= Beginning of Section =
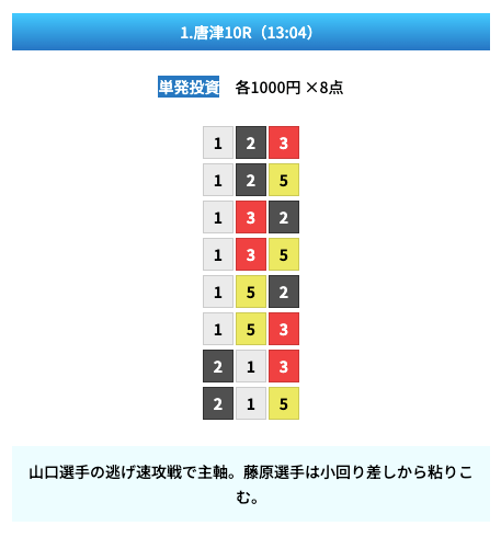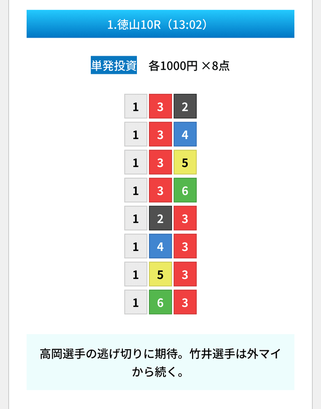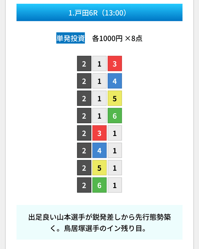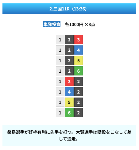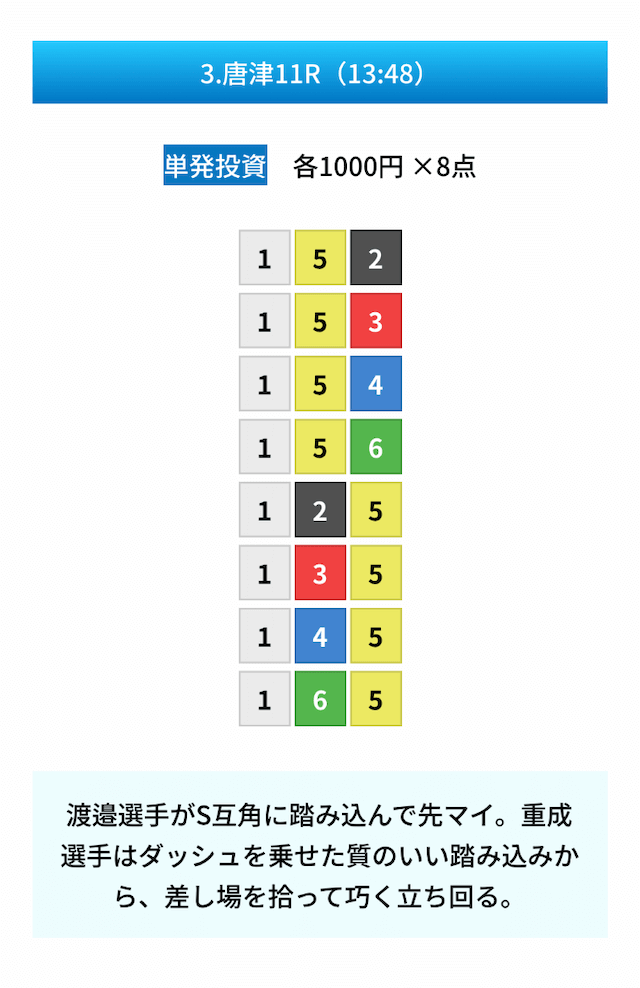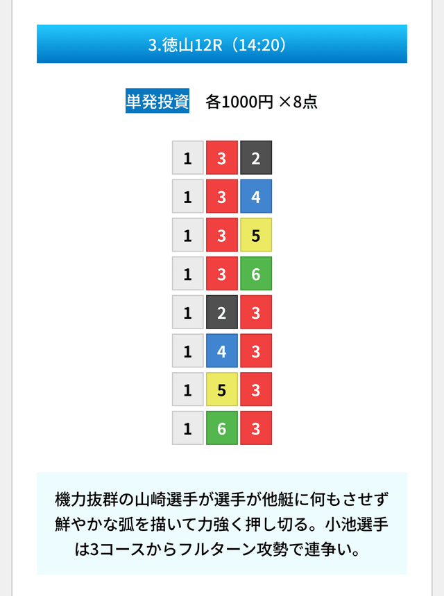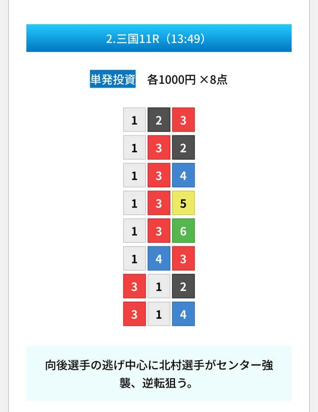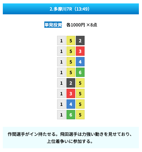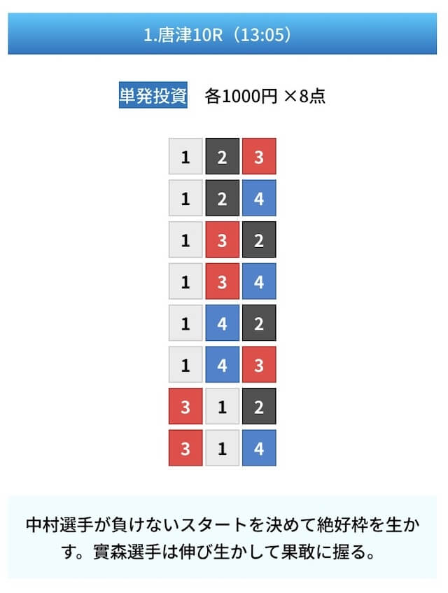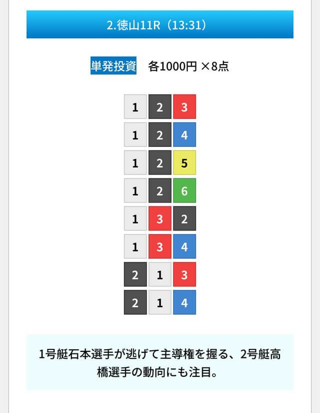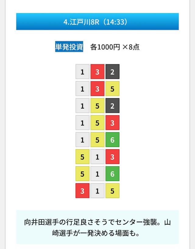 - 試しに無料予想に参加してみたら、いきなり的中して1万ちょいの回収!本当に無料でこれはびっくり。見解も書かれてるから初心者でも参考にしやすかった。投稿日:2025/01/10
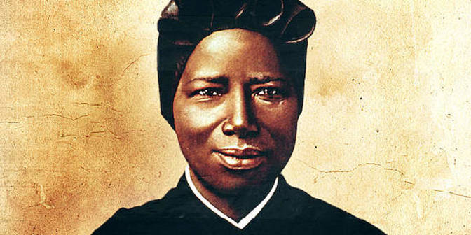 Joséphine Bakhita (1869-1947), ancienne esclave soudanaise devenue sainte, est très connue en Afrique, mais encore trop peu connue en Occident. Sa jeunesse est riche en événements peu communs, mais c'est la période où elle est religieuse qui est la plus importante. (…) Vers la fin de 1889, son instruction religieuse est achevée et, le 9 janvier 1890, Bakhita reçoit le baptême des mains de Mgr Domenico Agostini, cardinal-archevêque de Venise. Elle est également confirmée et communie pour la première fois. Elle s’appelle désormais Joséphine, du nom de sa marraine de baptême. Elle garde aussi les prénoms de Fortunata et Bakhita, et reçoit, en plus, celui de Marie pour se mettre sous la protection de la Sainte Vierge. Revêtue du vêtement blanc de son baptême, elle fait d'ailleurs ce même jour sa consécration à Notre Dame, et reçoit la médaille et le ruban bleu des Filles de Marie. Sa dévotion à la Sainte Vierge est grande : La Sainte Vierge m'a protégée, même quand je ne la connaissais pas. Même au fond du découragement et de la tristesse, quand j'étais esclave, je n'ai jamais désespéré, parce que je sentais en moi une force mystérieuse qui me soutenait. Peu à peu grandit en elle le désir de devenir religieuse. Est-ce possible ? La Mère supérieure, Anna Previtali, ne s’y oppose pas : Ni la couleur de la peau, ni la position sociale ne sont des obstacles pour devenir Sœur. Le 7 décembre 1893, elle entre au noviciat, dans la Maison des catéchumènes de Venise et, un an et demi après, le 21 juin 1895, le jour de la fête du Sacré-Cœur, c'est sa prise d'habit. Le 8 décembre 1896, à Vérone (Vénétie), elle prononce ses premiers vœux dans la maison même où la fondatrice, Madeleine de Canossa, a vécu. Elle reçoit aussi la médaille de Notre-Dame des douleurs.
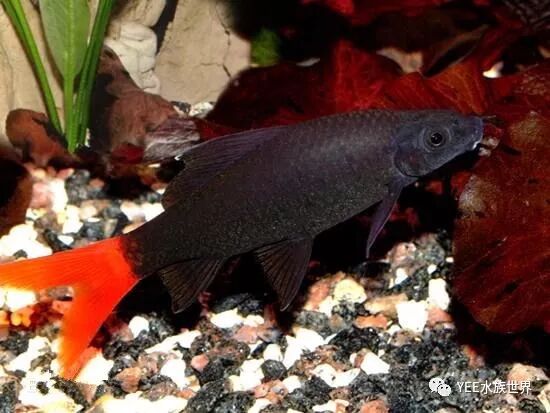 3、黑金鲨。又名红尾鲛、火尾鱼,是一种肉食性鱼类,但它喜欢生活底层,比较胆小,好到处躲藏,经常在草缸底部刨出一个个坑,所以,新开草缸最好不要养它。
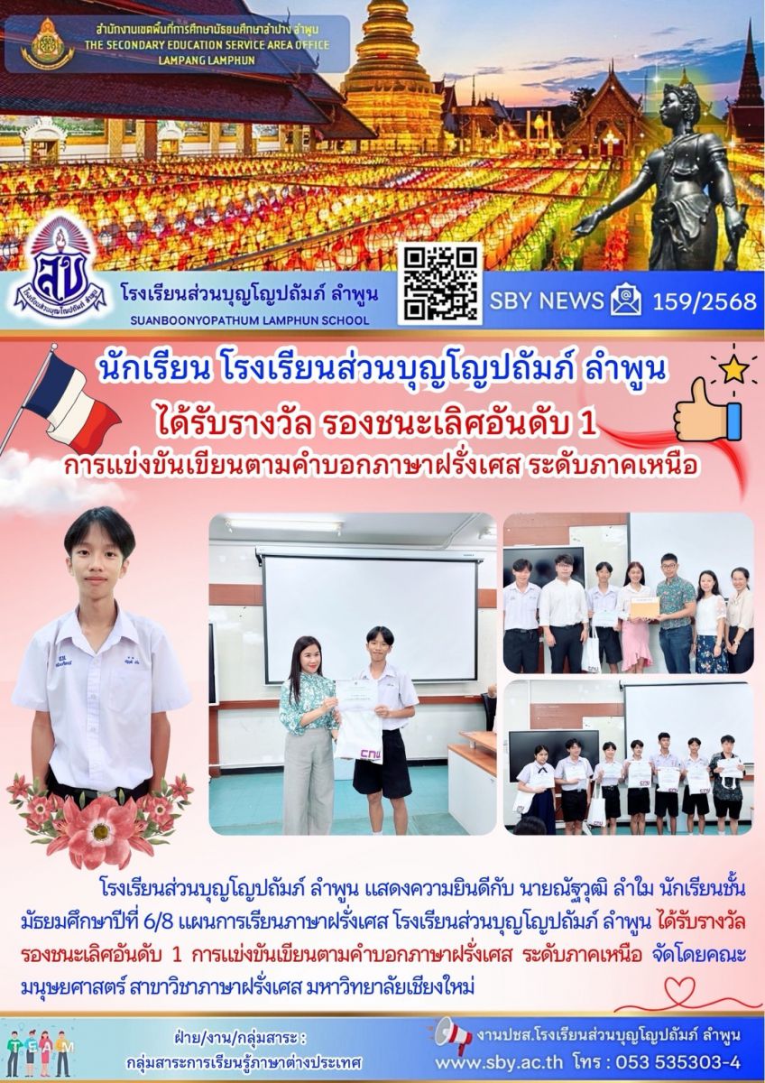 รางวัลรองชนะเลิศอันดับ 1 การแข่งขันเขียนตามคำบอกภาษาฝรั่งเศส ระดับภาคเหนือ
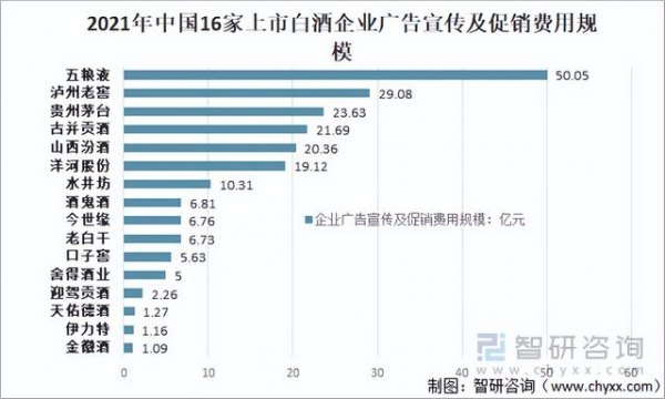 2021年,16家上市白酒企业共支出广告宣传及促销费用210.93亿元,占总销售费用的69.15%,占比提升0.29个百分点。其中:五粮液广告宣传及促销费用为50.0 5亿元;泸州老窖广告宣传及促销费用为29.08;贵州茅台广告宣传及促销费用为23.63亿元;古并贡酒广告宣传及促销费用为21.69亿元;山西汾酒广告宣传及促销费用为20.36亿元;洋河股份广告宣传及促销费用为19.12亿元;水井坊广告宣传及促销费用为10.31亿元;酒鬼酒广告宣传及促销费用为6.81亿元;今世缘广告宣传及促销费用为6.76亿元;老白干广告宣传及促销费用为6.73亿元;口子窖广告宣传及促销费用为5.63亿元;舍得酒业广告宣传及促销费用为5亿元;迎驾贡酒广告宣传及促销费用为2.26亿元;天佑德酒广告宣传及促销费用为1.27亿元;伊力特广告宣传及促销费用为1.16亿元;金徽酒广告宣传及促销费用为1.09亿元。
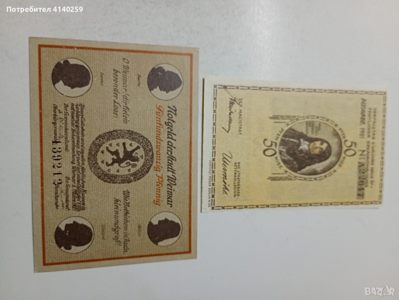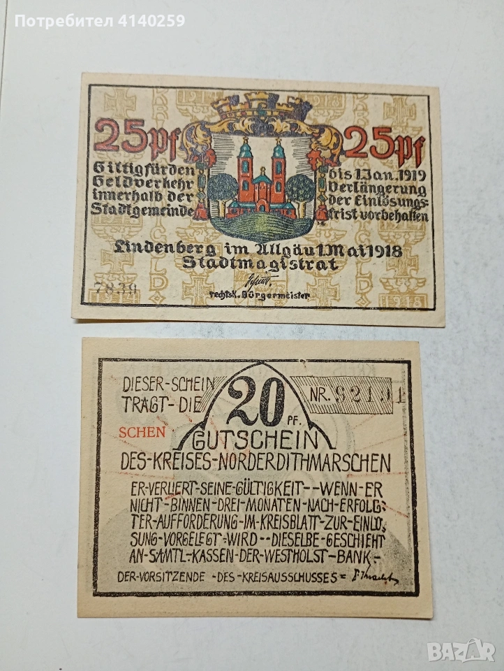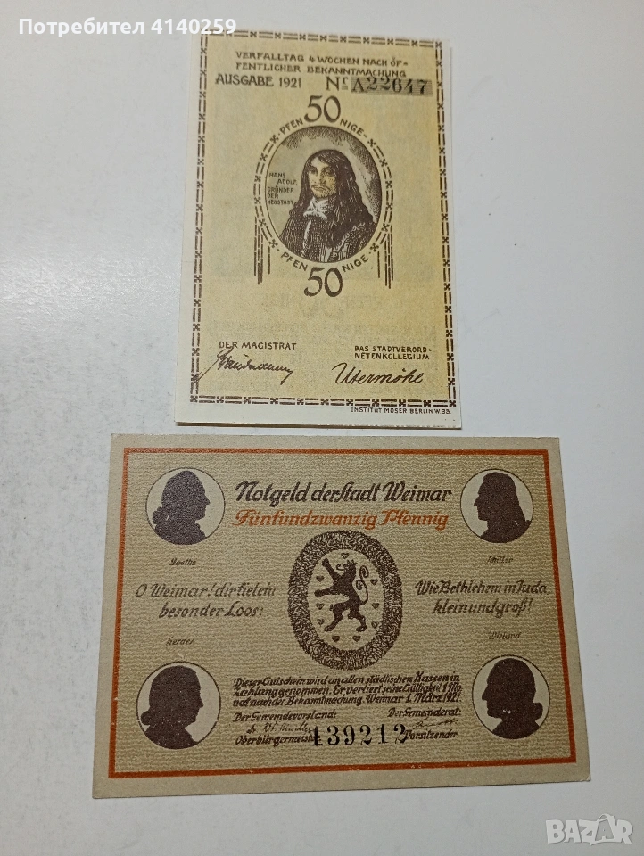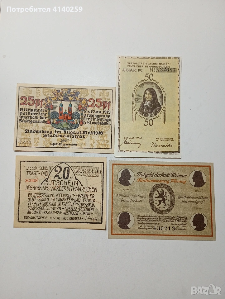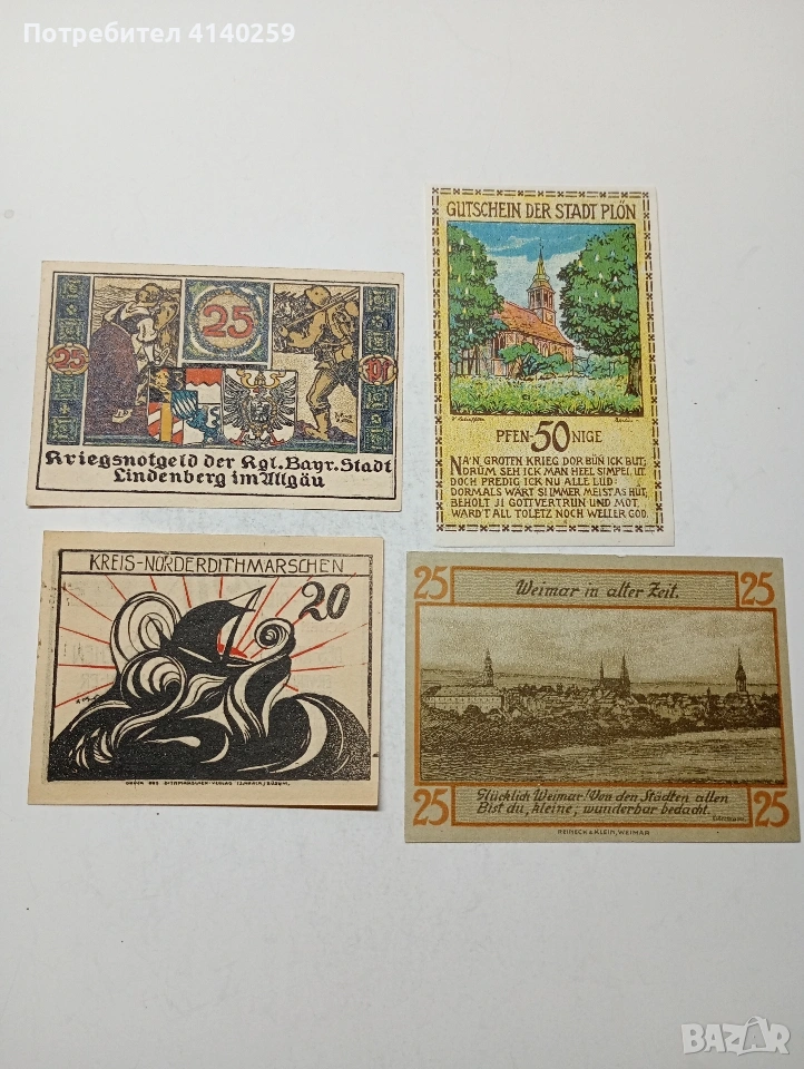 ГЕРМАНИЯ БАНКНОТИ ТИП НОТ ГЕЛ СПЕШНИ ПАРИ 50 ПФЕНИГА ГРАД ПЛЬОН 1921 Г 25 ПФЕНИГА ГРАД ЛИНДЕНБЕРГ 1918 Г 20 ПФЕНИГА ГРАД НОРДЕРДИТМАРШЕН 1920-1921 Г 25 ПФЕНИГА ГРАД ВАЙМАР 1921 Г СЪСТОЯНИЕ НОВО ЦЕНА ЗА 4 БРОЯ ПОЛУЧАВАТЕ СНИМАНИТЕ БАНКНОТИ РАЗГЛЕДАЙТЕ ДРУГИТЕ МИ ОБЯВИ ДА КОМБИНИРАТЕ ДОСТАВКА ЕКОНТ ЗА ВАРНА ЛИЧНО
= End of Section =
What you should do: The expected output is the lines from the line that contains "รางวัลรองชนะเลิศอันดับ 1 การแข่งขันเขียนตามคำบอกภาษาฝรั่งเศส" through the last line of the material, reproduced exactly, with both ends present and pictures absent.

Written solution:
 รางวัลรองชนะเลิศอันดับ 1 การแข่งขันเขียนตามคำบอกภาษาฝรั่งเศส ระดับภาคเหนือ
 2021年,16家上市白酒企业共支出广告宣传及促销费用210.93亿元,占总销售费用的69.15%,占比提升0.29个百分点。其中:五粮液广告宣传及促销费用为50.0 5亿元;泸州老窖广告宣传及促销费用为29.08;贵州茅台广告宣传及促销费用为23.63亿元;古并贡酒广告宣传及促销费用为21.69亿元;山西汾酒广告宣传及促销费用为20.36亿元;洋河股份广告宣传及促销费用为19.12亿元;水井坊广告宣传及促销费用为10.31亿元;酒鬼酒广告宣传及促销费用为6.81亿元;今世缘广告宣传及促销费用为6.76亿元;老白干广告宣传及促销费用为6.73亿元;口子窖广告宣传及促销费用为5.63亿元;舍得酒业广告宣传及促销费用为5亿元;迎驾贡酒广告宣传及促销费用为2.26亿元;天佑德酒广告宣传及促销费用为1.27亿元;伊力特广告宣传及促销费用为1.16亿元;金徽酒广告宣传及促销费用为1.09亿元。
 ГЕРМАНИЯ БАНКНОТИ ТИП НОТ ГЕЛ СПЕШНИ ПАРИ 50 ПФЕНИГА ГРАД ПЛЬОН 1921 Г 25 ПФЕНИГА ГРАД ЛИНДЕНБЕРГ 1918 Г 20 ПФЕНИГА ГРАД НОРДЕРДИТМАРШЕН 1920-1921 Г 25 ПФЕНИГА ГРАД ВАЙМАР 1921 Г СЪСТОЯНИЕ НОВО ЦЕНА ЗА 4 БРОЯ ПОЛУЧАВАТЕ СНИМАНИТЕ БАНКНОТИ РАЗГЛЕДАЙТЕ ДРУГИТЕ МИ ОБЯВИ ДА КОМБИНИРАТЕ ДОСТАВКА ЕКОНТ ЗА ВАРНА ЛИЧНО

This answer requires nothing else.